This entry has not been updated since then but may contain minor corrections and revisions.

SPURG, n. Dim. form spurgie. A sparrow, Passer domesticus (Abd. 1825 Jam., Mry. 1925, spurgie; ne.Sc. 1971, spurgie), most freq. in dim. form; also a nickname for one whose step is like the hop of a sparrow (Sc. 1911 S.D.D.). Comb. spurgie-hocht, ppl.adj., with thin legs like a sparrow. Cf. Spur, Spurdie, Spug. [′spʌrg(i)]Abd. 1849 “Johnny Raw” Human Misery 17:
How to slaughter Spurgies by the score.
Bnff. 1859 Zoologist XVII. 6598:
The House Sparrow. . . . We call it “spurgie.”
Abd. 1929 J. Milne Dreams o' Buchan viii.:
The spurgs amon' the thack begin to cheep.

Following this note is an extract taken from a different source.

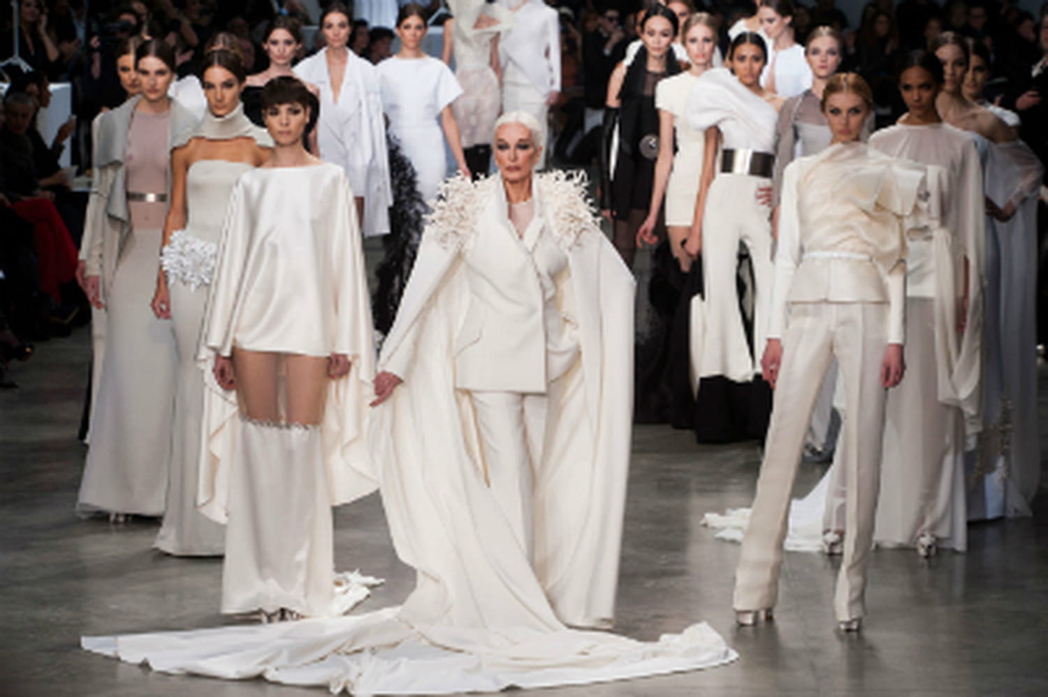 Le blanc est un leitmotiv. Il est agrémenté, sur un modèle uniquement, d'une ceinture d'émeraudes. Il est magnifié par des bandes noires, surtout au bas des robes. Il permet la fluidité du défilé et le développement d'un réseau d'influence artistiques. Les mannequins sont des anges modernes et leurs ailes prennent la forme de capes en soie transparente ou en satin. Mais les modèles incarnent aussi paradoxalement des femmes fatales. Les jambes apparaissent et disparaissent sous les fentes, les décolletés plongent sur les poitrines et pas seulement. Lorsque les mannequins nous tournent le dos, c'est un second enchantement. Il est traversé par de bandes de satin noir ou blanc. La peau apparaît comme partie intégrante des robes et des combinaisons. Les modèles se succèdent et diffusent une atmosphère où seule règne la légèreté. Jusqu'au grand final... Habillée d'un tailleur blanc cassé surmonté d'une longue cape et d'un col évoquant un banc de corail immaculé, une femme d'une beauté mûre et hypnotisante, traverse le podium, avec froideur et majesté.

Abd. 1955 W. P. Milne Eppie Elrick xxiv.:
Spurgie-hocht mennies dinna set 'e kilt.
Abd. 1996 Sheena Blackhall Wittgenstein's Web 26:
He heard the young pleasure-seekers win hame frae the discos, fusslin an chirpin tae ane anither like mirky spurgies.

[Prob. a reduced form of Spur, n.2, + -Ock, dim. suff. For -k > -g after r, cf. Darg.]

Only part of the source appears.